**Prompt**
The answer should hold only the lines from the one containing "Հավելենք նաև, որ" through the one containing "In 2017, Dr." in the entries below, copied exactly, without pictures.

**Dataset records**
Content starts

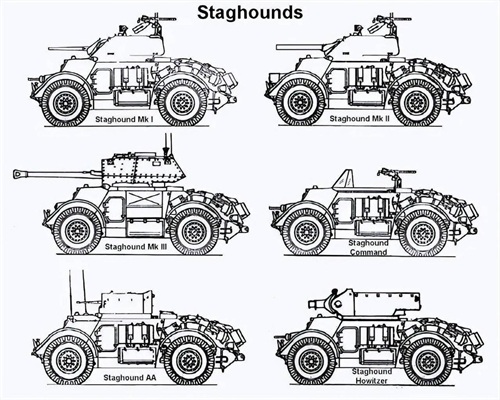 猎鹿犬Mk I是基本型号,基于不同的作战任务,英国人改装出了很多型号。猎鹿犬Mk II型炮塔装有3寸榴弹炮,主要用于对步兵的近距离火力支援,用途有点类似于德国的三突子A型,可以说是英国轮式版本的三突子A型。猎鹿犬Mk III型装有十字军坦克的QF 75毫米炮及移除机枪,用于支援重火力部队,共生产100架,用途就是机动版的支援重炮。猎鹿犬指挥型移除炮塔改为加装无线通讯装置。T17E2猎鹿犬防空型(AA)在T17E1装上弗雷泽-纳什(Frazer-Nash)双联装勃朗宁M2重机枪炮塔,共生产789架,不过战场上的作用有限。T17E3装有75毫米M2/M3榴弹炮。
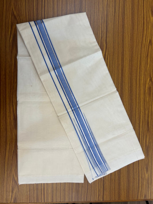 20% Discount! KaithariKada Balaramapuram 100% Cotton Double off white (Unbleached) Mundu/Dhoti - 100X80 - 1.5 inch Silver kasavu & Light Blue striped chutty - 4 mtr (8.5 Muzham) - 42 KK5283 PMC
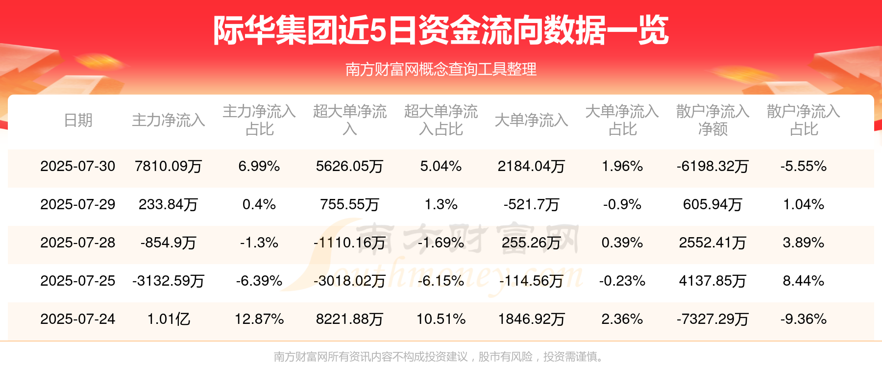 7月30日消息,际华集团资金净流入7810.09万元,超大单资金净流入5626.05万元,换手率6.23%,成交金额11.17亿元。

Content ends
Content starts

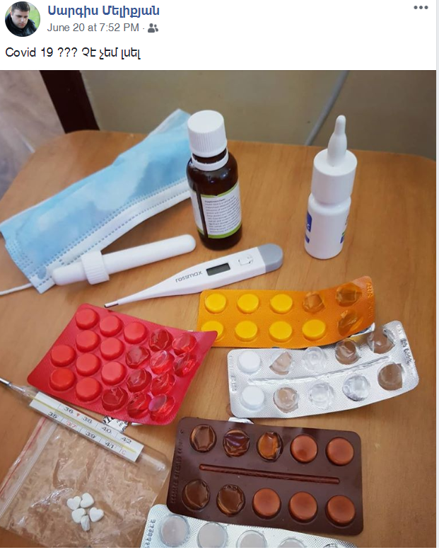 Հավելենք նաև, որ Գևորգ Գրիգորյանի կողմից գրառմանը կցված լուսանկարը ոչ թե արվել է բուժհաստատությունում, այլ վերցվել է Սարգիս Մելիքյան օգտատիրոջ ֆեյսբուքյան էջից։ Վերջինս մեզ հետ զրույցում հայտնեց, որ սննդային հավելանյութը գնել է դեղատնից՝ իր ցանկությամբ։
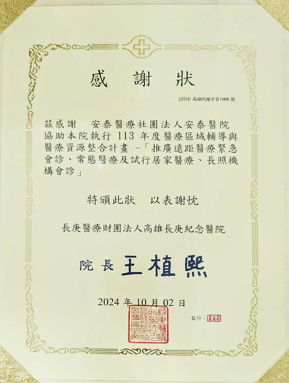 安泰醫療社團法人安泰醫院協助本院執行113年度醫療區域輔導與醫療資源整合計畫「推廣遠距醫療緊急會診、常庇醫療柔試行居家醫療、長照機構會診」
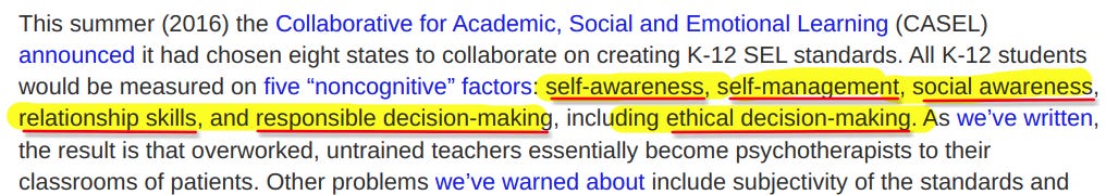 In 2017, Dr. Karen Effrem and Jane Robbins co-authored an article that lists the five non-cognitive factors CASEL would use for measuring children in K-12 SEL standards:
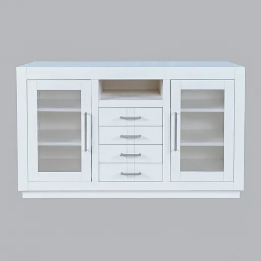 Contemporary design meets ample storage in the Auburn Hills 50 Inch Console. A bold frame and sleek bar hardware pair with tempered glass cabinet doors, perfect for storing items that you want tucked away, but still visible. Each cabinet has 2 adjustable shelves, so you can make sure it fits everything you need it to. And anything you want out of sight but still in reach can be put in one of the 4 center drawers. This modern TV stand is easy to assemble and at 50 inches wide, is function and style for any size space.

Content ends

**Answer to this task**
 Հավելենք նաև, որ Գևորգ Գրիգորյանի կողմից գրառմանը կցված լուսանկարը ոչ թե արվել է բուժհաստատությունում, այլ վերցվել է Սարգիս Մելիքյան օգտատիրոջ ֆեյսբուքյան էջից։ Վերջինս մեզ հետ զրույցում հայտնեց, որ սննդային հավելանյութը գնել է դեղատնից՝ իր ցանկությամբ։
 安泰醫療社團法人安泰醫院協助本院執行113年度醫療區域輔導與醫療資源整合計畫「推廣遠距醫療緊急會診、常庇醫療柔試行居家醫療、長照機構會診」
 In 2017, Dr. Karen Effrem and Jane Robbins co-authored an article that lists the five non-cognitive factors CASEL would use for measuring children in K-12 SEL standards:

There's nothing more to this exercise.